Materials and methods
It is well described.
Questions:
Were these analyzes performed in replicates? If yes, how many? If they were not done, it could be one of limitations of this study, and it should be clear in the text.
In addition to replicates, were the same assays performed on different days? This would make the results more robust.
Why were these antibiotic concentrations chosen for the field strains? Make it clearer, because in the discussion the amount of ciprofloxacin may have been an important factor for the result. This can be done in the discussion.
Results
Be careful not to put discussion at this step (i.e. first sentence of results).
I found the results well described, with necessary information in the graph. I suggest putting the raw data as supplementary material, along with replicates.
Discussion/Conclusion
The discussion was based on current articles, and limitations that the study presents were placed. It would be interesting to make it clear that robust conclusions cannot be drawn due to number of isolates used. If the tests have not been done in triplicate, nor done on different days, this must also be taken into account as a limitation and made clear in the text.
Author Response
About the title, if the authors consider it valid, the antibiotics used in part of the study could be inserted, but this is just a suggestion.
Thank you for the suggestion but since we used four antibiotics, we think it is best to leave the title as written.
Introduction
Introduction is appropriate written, with good references that validate the study. The references are not very up-to-date, but they are sufficient to support the purpose of the study.
Materials and methods
It is well described.
Questions:
Were these analyzes performed in replicates? If yes, how many? If they were not done, it could be one of limitations of this study, and it should be clear in the text.
Every experiment was done with at least 3 replicates and each experiment was performed at least 3 times on different days. We have added a more detailed description of replicates and number of experiments in the Statistical Analysis section of the Materials and Methods. See line 140.
In addition to replicates, were the same assays performed on different days?
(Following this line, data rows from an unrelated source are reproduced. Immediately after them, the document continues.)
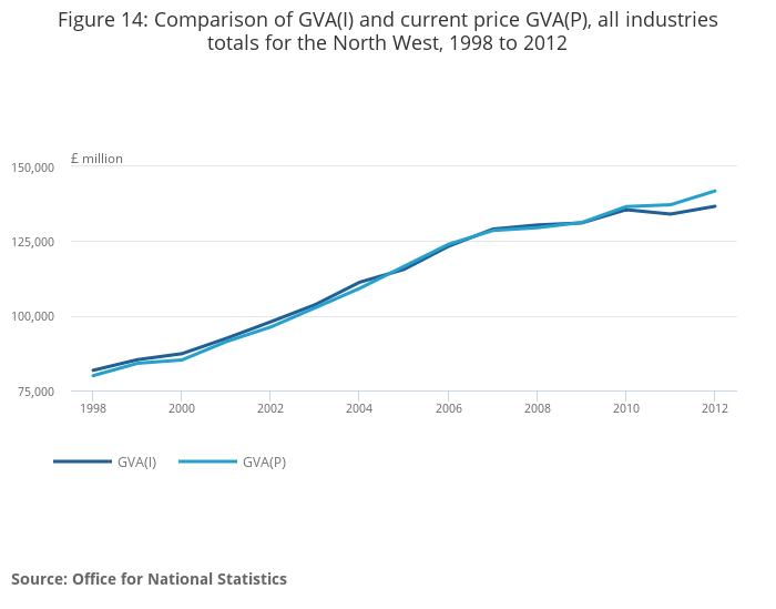 Figure 14: Comparison of GVA(I) and current price GVA(P), all industries totals for the North West, 1998 to 2012
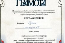 Гимназиянең "Рубин" укучылар командасы район күләмендә уздырылган өстәл хокее ярышларында 2 нче урынны яуладылар. Җиңүчеләрне котлыйбыз!
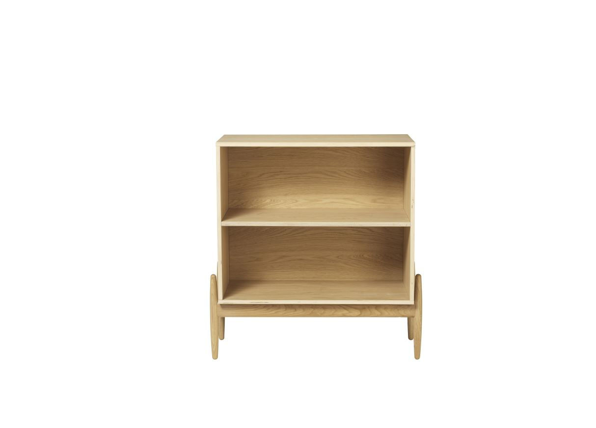 Tidsløs og stilren reol fra FDB Møbler. Reolen er praktisk og har tre gode rum, til opbevaring af diverse ting. Det stilrene design, sørger for at reolen ikke dominerer for meget i rummet, og du kan med fordel give den et vildere udtryk, ved at have en farverig vase, nogle dekorative kasser eller lignende stående.

This would make the results more robust.
All experiments have been done at least three times on different days.
Why were these antibiotic concentrations chosen for the field strains? Make it clearer, because in the discussion the amount of ciprofloxacin may have been an important factor for the result. This can be done in the discussion.
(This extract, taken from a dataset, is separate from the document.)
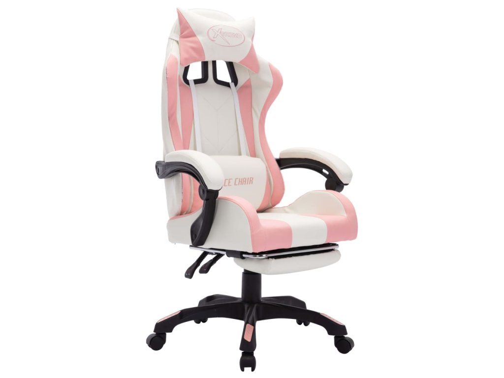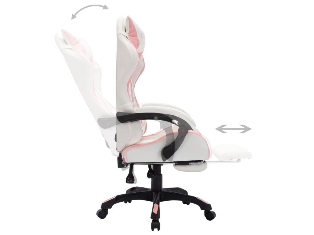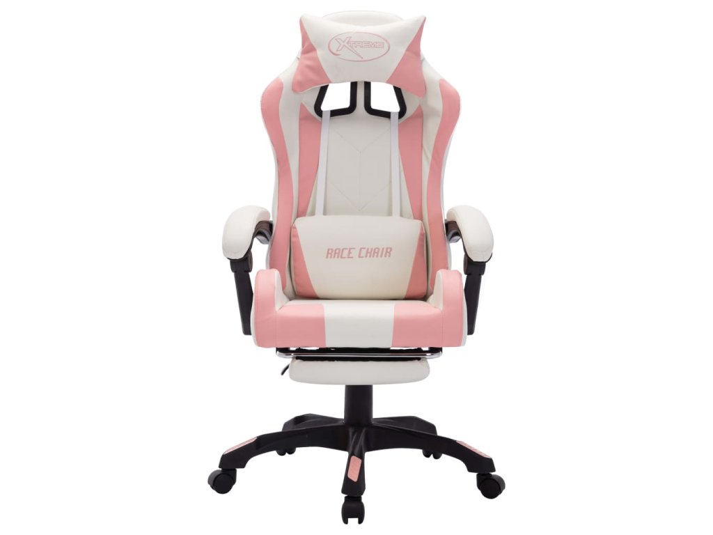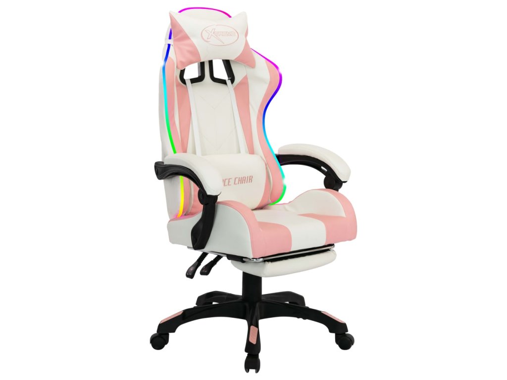 Herní židle s RGB LED podsvícením růžovo-bílá umělá kůže 288014

We calculated the MIC for every strain then multiplied this value by 1500 and used this as our working concentration for all assays. The concentration is high because we wanted to make a clear distinction between persistence and other antimicrobial survival strategies (like tolerance or genetic resistance). We have included an explanation in the results section. See lines 152-155.
Results
Be careful not to put discussion at this step (i.e. first sentence of results).
We think this sentence should remain because it explains why we tested both planktonic and biofilm populations in our assays, since both can be found in the gallbladder environment.
I found the results well described, with necessary information in the graph. I suggest putting the raw data as supplementary material, along with replicates.
The raw data is now included in a spread sheet in the supplementary materials
Discussion/Conclusion
The discussion was based on current articles, and limitations that the study presents were placed. It would be interesting to make it clear that robust conclusions cannot be drawn due to number of isolates used. If the tests have not been done in triplicate, nor done on different days, this must also be taken into account as a limitation and made clear in the text.
We have added this caveat in the Discussion section. See lines 312-3.
Round 2
Reviewer 1 Report
I agree to accept current version of manuscript.